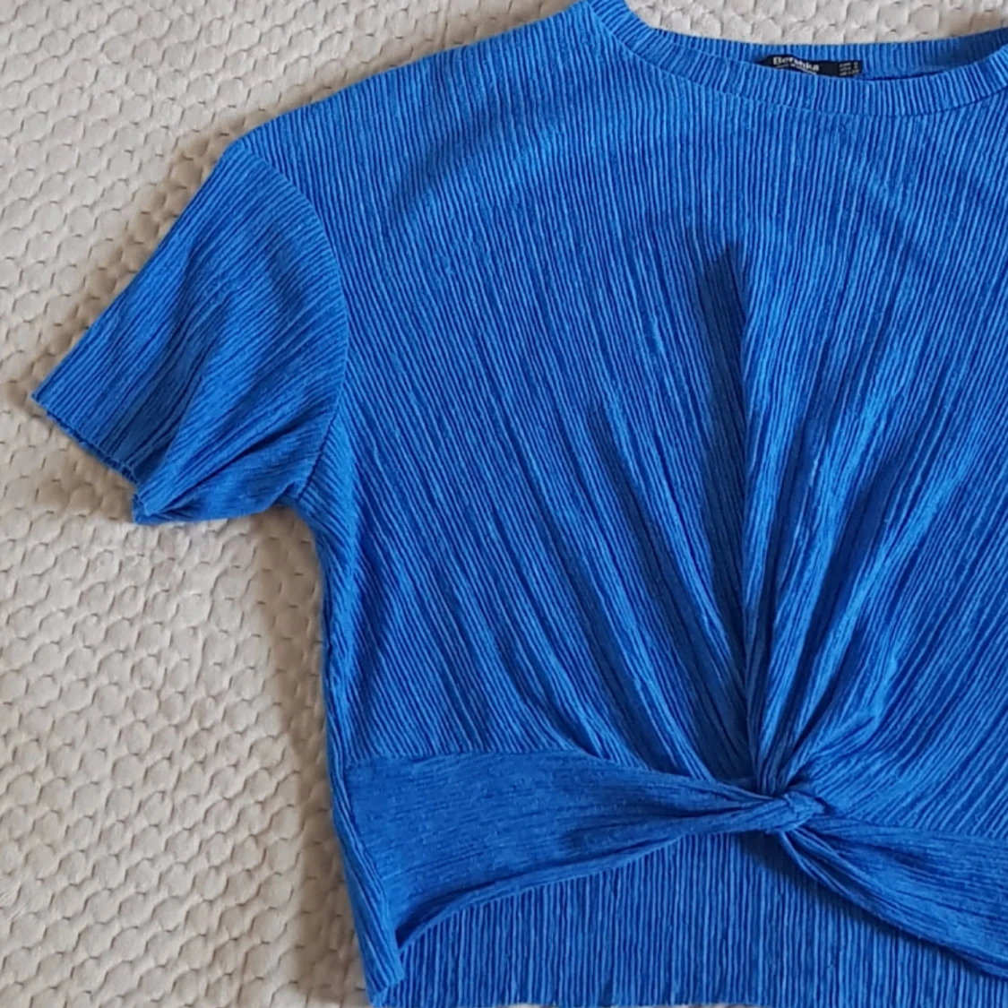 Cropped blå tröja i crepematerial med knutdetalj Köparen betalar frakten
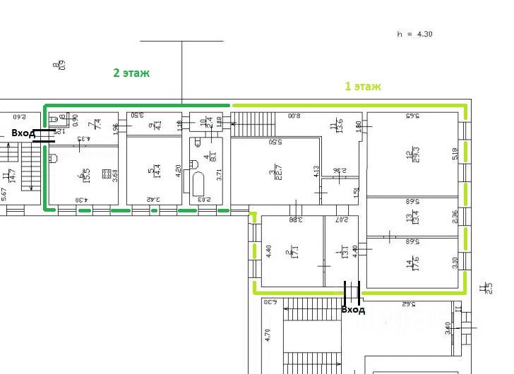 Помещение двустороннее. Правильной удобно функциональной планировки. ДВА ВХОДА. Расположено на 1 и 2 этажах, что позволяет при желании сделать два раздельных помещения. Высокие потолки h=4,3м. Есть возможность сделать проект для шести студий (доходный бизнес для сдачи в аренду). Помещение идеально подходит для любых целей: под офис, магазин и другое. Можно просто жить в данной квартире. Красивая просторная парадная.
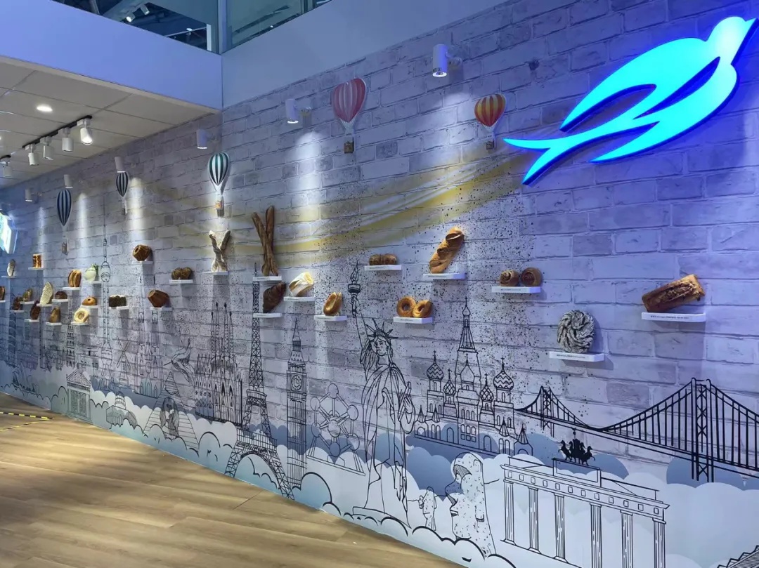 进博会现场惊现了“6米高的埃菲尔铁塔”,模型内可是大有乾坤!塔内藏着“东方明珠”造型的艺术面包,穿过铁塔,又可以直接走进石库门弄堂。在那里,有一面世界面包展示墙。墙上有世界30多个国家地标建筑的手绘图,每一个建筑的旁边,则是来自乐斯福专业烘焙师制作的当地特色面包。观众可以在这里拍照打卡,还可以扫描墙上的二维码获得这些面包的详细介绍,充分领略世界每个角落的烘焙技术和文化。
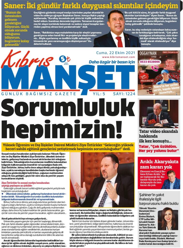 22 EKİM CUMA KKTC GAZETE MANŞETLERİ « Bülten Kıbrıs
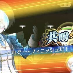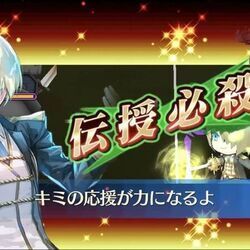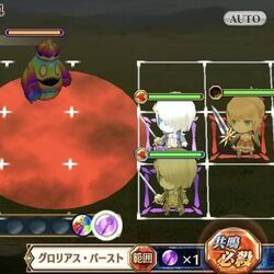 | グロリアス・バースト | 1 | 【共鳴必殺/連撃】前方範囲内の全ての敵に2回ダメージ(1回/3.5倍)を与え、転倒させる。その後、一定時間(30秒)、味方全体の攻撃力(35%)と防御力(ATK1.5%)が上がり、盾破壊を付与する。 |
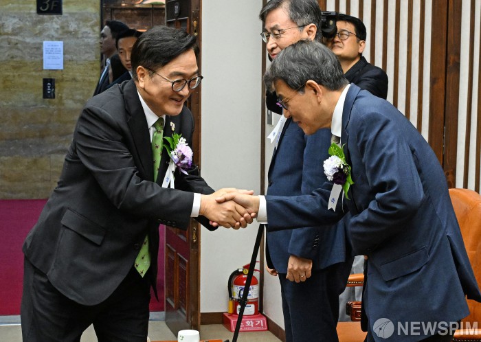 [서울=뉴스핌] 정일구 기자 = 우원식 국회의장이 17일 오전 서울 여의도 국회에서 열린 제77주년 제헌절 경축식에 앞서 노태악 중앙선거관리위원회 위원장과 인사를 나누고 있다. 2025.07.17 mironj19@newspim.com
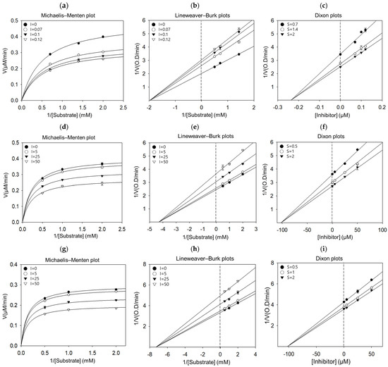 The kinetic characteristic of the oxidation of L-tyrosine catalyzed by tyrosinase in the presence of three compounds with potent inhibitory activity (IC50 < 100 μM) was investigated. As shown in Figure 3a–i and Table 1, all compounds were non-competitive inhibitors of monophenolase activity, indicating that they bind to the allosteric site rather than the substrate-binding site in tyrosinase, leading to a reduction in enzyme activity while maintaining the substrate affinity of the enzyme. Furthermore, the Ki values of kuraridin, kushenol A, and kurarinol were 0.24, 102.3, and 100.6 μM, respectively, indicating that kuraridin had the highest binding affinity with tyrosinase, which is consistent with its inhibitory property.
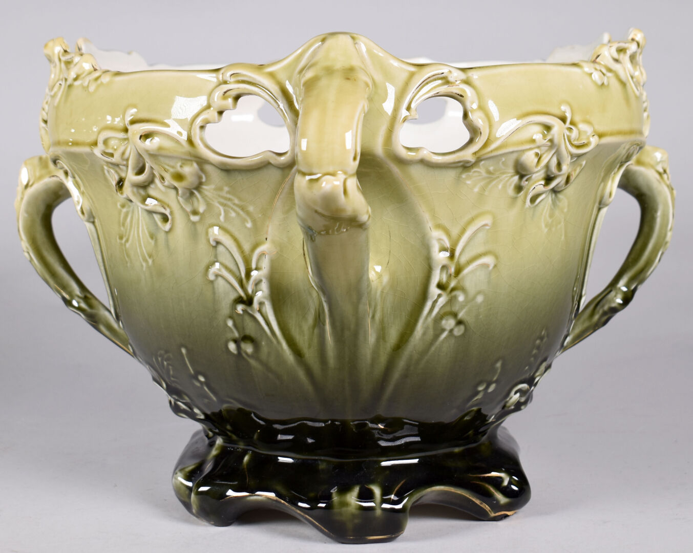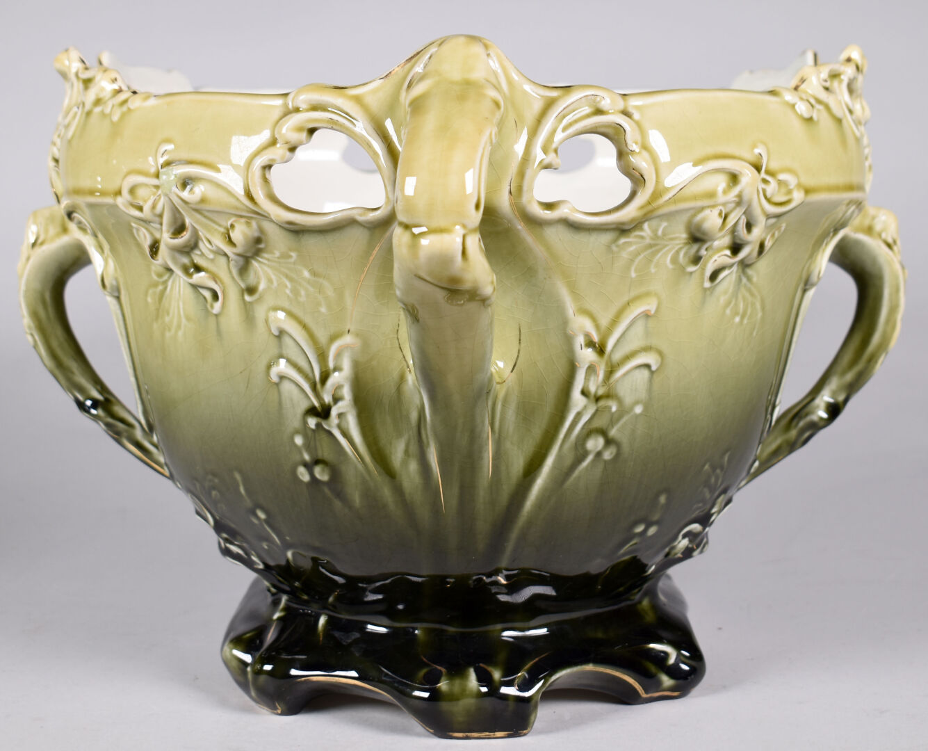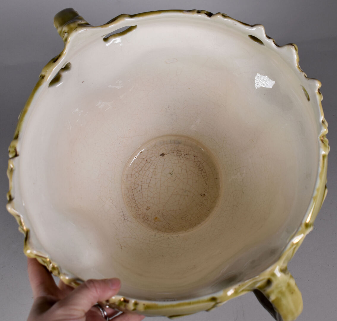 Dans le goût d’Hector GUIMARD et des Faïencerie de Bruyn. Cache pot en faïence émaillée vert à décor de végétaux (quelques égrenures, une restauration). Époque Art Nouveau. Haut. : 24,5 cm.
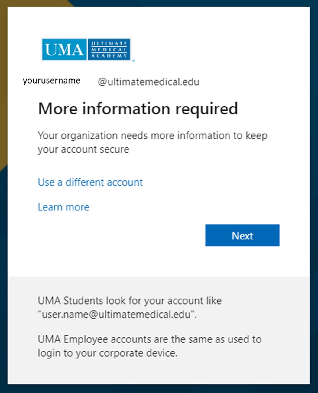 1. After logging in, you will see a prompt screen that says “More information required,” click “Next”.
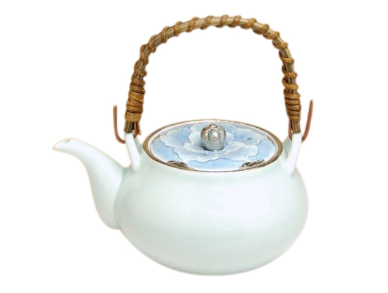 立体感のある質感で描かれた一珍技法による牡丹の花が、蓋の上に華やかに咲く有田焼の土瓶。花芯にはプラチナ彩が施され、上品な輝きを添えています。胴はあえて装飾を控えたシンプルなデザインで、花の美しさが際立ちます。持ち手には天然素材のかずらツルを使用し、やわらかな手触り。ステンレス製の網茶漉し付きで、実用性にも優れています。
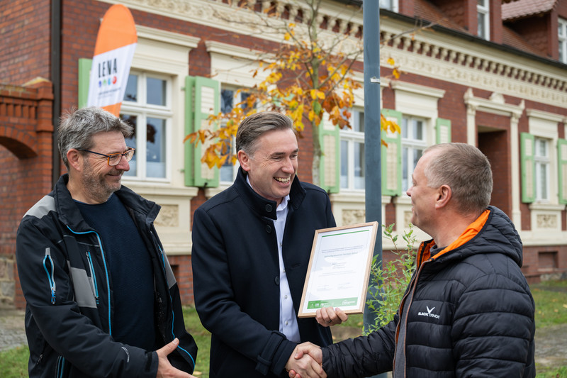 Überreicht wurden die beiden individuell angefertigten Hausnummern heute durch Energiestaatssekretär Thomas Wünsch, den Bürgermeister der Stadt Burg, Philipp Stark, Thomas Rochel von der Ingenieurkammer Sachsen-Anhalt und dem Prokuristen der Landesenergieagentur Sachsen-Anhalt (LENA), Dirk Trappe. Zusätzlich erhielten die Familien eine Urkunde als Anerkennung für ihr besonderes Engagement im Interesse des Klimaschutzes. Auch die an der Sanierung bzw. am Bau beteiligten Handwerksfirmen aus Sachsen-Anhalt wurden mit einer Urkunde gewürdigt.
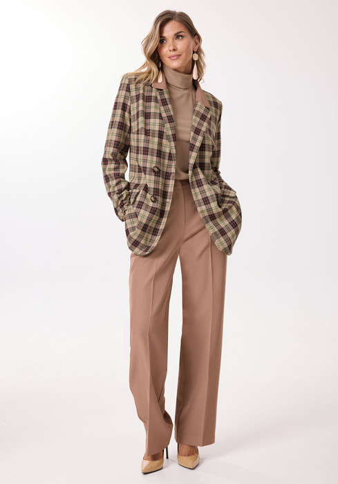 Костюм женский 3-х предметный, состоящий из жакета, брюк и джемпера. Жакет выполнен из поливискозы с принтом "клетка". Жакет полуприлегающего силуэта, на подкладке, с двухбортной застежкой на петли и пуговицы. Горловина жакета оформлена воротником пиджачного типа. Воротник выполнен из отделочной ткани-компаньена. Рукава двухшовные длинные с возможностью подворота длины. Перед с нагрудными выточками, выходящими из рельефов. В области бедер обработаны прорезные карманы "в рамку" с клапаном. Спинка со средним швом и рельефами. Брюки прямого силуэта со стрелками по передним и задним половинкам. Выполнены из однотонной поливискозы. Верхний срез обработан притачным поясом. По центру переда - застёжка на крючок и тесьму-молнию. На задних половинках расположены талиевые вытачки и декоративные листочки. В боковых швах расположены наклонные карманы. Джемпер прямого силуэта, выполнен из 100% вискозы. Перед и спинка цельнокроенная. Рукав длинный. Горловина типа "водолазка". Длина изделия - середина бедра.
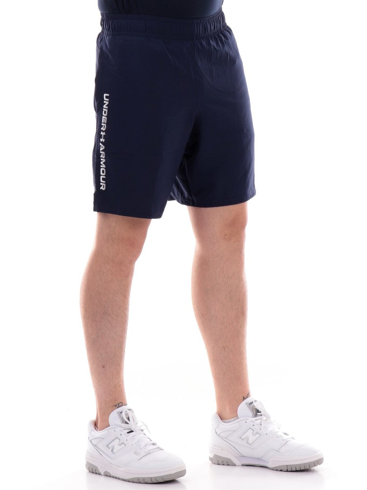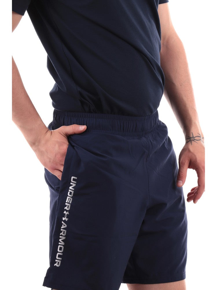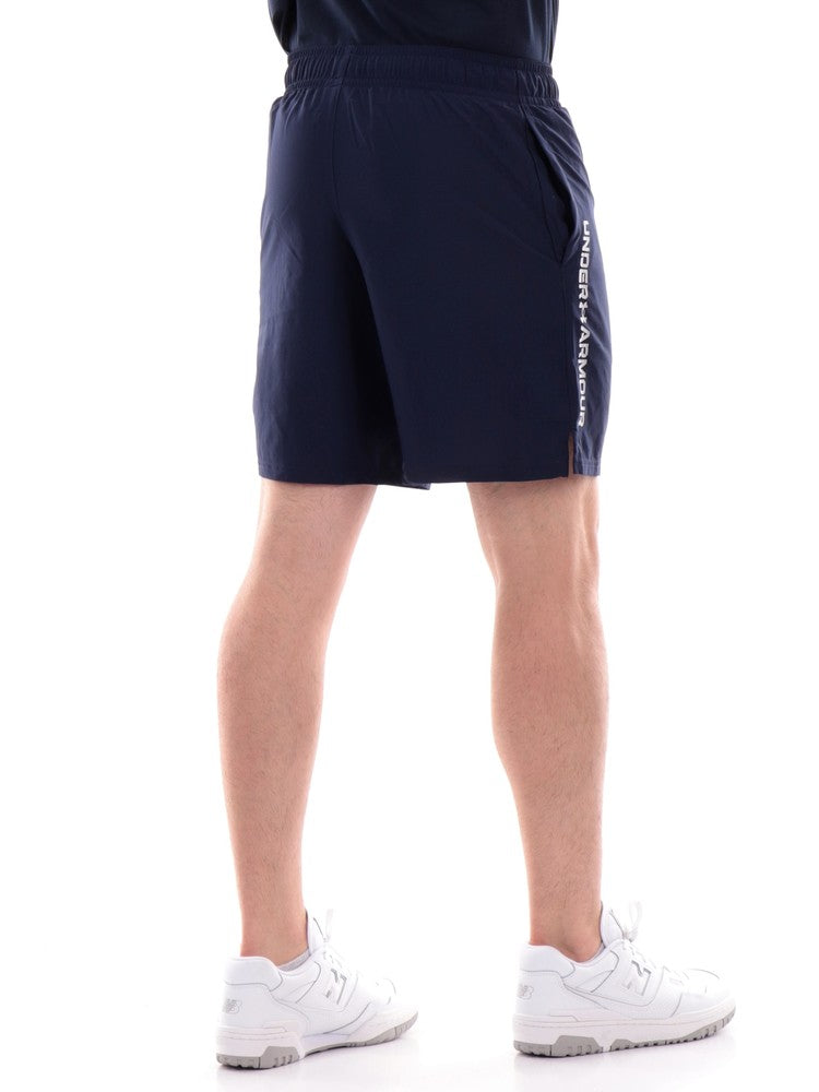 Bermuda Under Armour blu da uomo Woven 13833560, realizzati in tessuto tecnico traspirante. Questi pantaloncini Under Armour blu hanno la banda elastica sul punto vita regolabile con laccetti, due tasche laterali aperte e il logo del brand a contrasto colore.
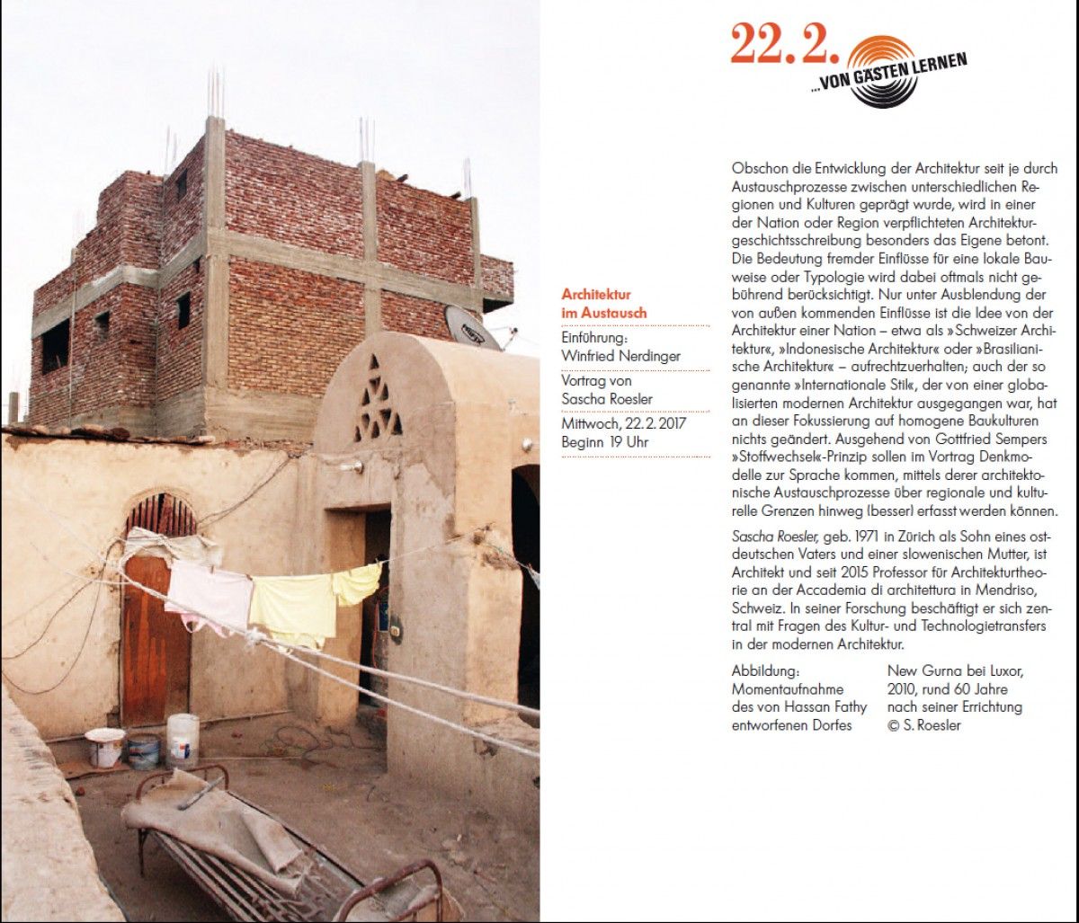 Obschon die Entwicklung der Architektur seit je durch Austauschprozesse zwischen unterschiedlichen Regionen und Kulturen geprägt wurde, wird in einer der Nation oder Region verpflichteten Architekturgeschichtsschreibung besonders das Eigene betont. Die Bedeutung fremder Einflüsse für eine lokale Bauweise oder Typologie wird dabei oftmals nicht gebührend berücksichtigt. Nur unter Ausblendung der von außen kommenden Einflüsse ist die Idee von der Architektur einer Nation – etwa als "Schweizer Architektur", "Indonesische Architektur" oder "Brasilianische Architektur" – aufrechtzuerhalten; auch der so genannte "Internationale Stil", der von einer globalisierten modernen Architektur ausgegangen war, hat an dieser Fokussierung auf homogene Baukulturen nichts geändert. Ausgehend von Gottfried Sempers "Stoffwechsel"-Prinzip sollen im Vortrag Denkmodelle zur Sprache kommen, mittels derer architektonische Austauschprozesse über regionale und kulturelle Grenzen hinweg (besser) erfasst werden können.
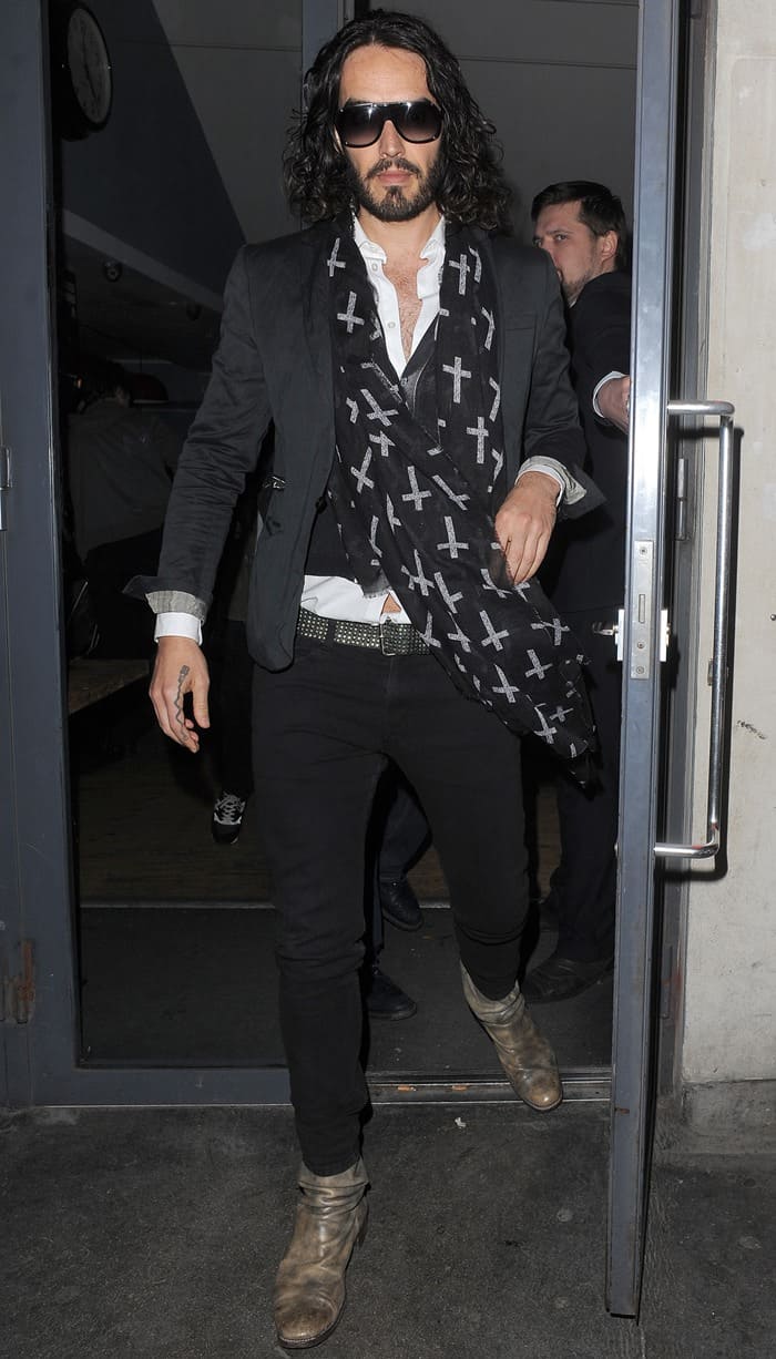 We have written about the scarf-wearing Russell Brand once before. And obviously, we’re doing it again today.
____
* **Your task**: Once the line with "22 EKİM CUMA" has been found above, output that line and every later line exactly, stopping after the line with "[서울=뉴스핌] 정일구 기자", and omit the pictures.

* **Exercise response**:
 22 EKİM CUMA KKTC GAZETE MANŞETLERİ « Bülten Kıbrıs
 | グロリアス・バースト | 1 | 【共鳴必殺/連撃】前方範囲内の全ての敵に2回ダメージ(1回/3.5倍)を与え、転倒させる。その後、一定時間(30秒)、味方全体の攻撃力(35%)と防御力(ATK1.5%)が上がり、盾破壊を付与する。 |
 [서울=뉴스핌] 정일구 기자 = 우원식 국회의장이 17일 오전 서울 여의도 국회에서 열린 제77주년 제헌절 경축식에 앞서 노태악 중앙선거관리위원회 위원장과 인사를 나누고 있다. 2025.07.17 mironj19@newspim.com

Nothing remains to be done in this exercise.